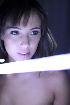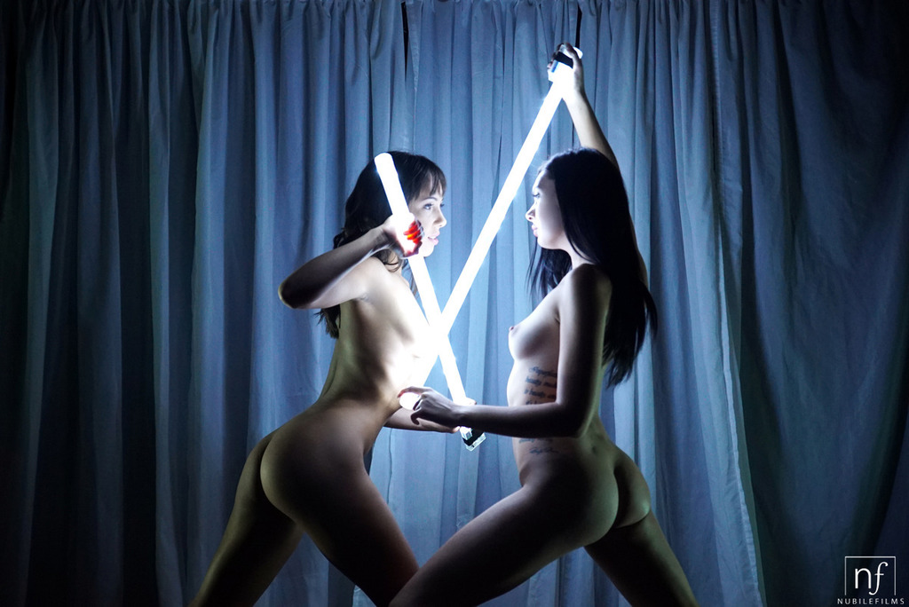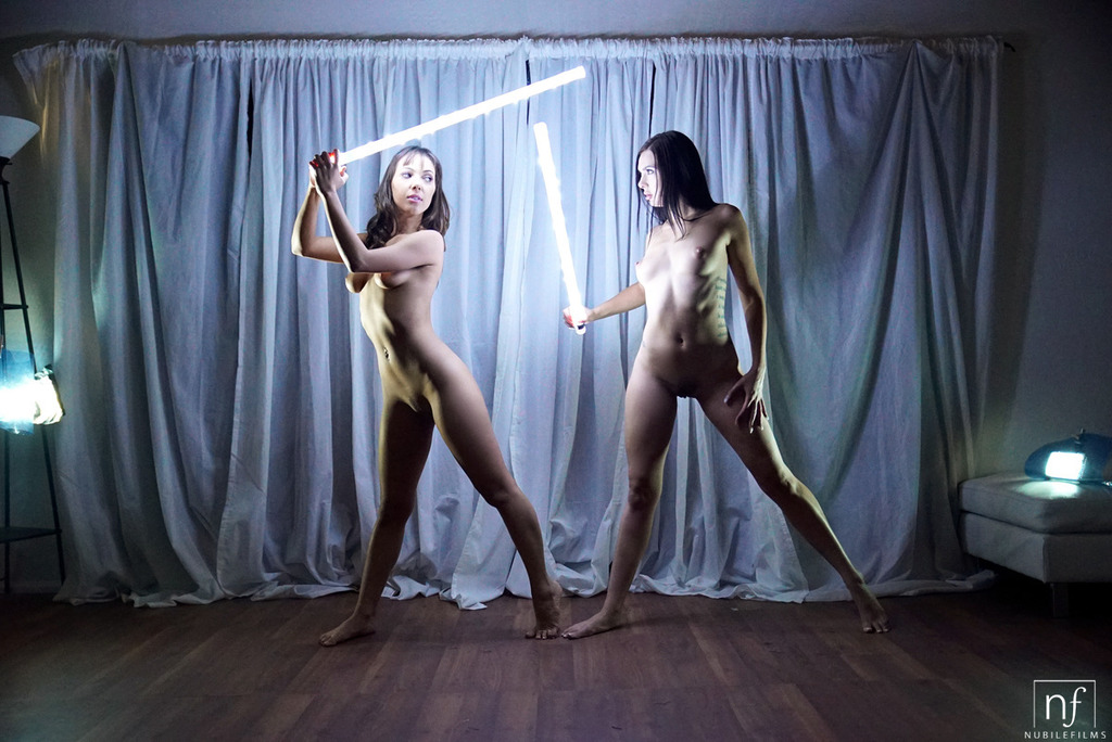 Two naked babes fight on lightsabers and later share a two-sided dildo in their bed
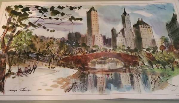 Vintage 1960s Essco Tiger /Slogan laminated placement featuring Central Park, New York City. This is not a hardboard placement - it is flexible SIDE 1: Print of a signed painting that has been laminated SIDE 2: Essco tiger with slogan "Put a tiger in your tank" and paw print border Item does show a couple very minor spots typical from use.
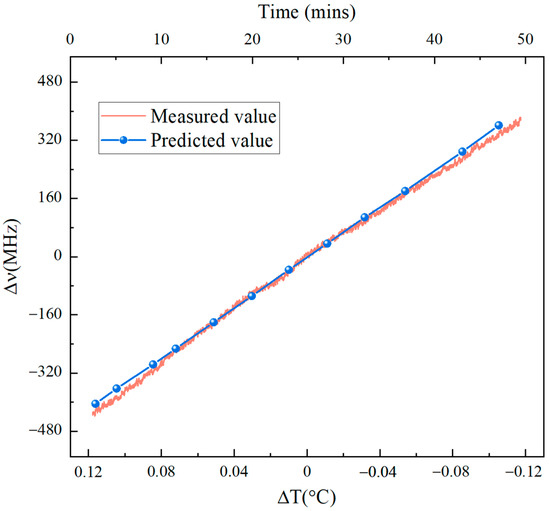 By measuring the temperature change and substituting it into Equation (7), the predicted values of the frequency shift from the center frequency of 191.31109 THz can be obtained. The results shown in Figure 5 are proportional to the temperature change. The solid line of Figure 5 shows that the measured frequency increased linearly with the temperature decrease when the aluminum chamber dissipated heat from 34.42 °C to 34.18 °C. Compared with the measured frequency in Figure 4, the violent fluctuation of the frequency could be controlled effectively using the airtight aluminum chamber.
________________
- [INSTRUCTIONS FOR THE TASK]
Strip out the pictures and quote the remaining data word for word.

- [WRITTEN RESPONSE]
 Two naked babes fight on lightsabers and later share a two-sided dildo in their bed
 Vintage 1960s Essco Tiger /Slogan laminated placement featuring Central Park, New York City. This is not a hardboard placement - it is flexible SIDE 1: Print of a signed painting that has been laminated SIDE 2: Essco tiger with slogan "Put a tiger in your tank" and paw print border Item does show a couple very minor spots typical from use.
 By measuring the temperature change and substituting it into Equation (7), the predicted values of the frequency shift from the center frequency of 191.31109 THz can be obtained. The results shown in Figure 5 are proportional to the temperature change. The solid line of Figure 5 shows that the measured frequency increased linearly with the temperature decrease when the aluminum chamber dissipated heat from 34.42 °C to 34.18 °C. Compared with the measured frequency in Figure 4, the violent fluctuation of the frequency could be controlled effectively using the airtight aluminum chamber.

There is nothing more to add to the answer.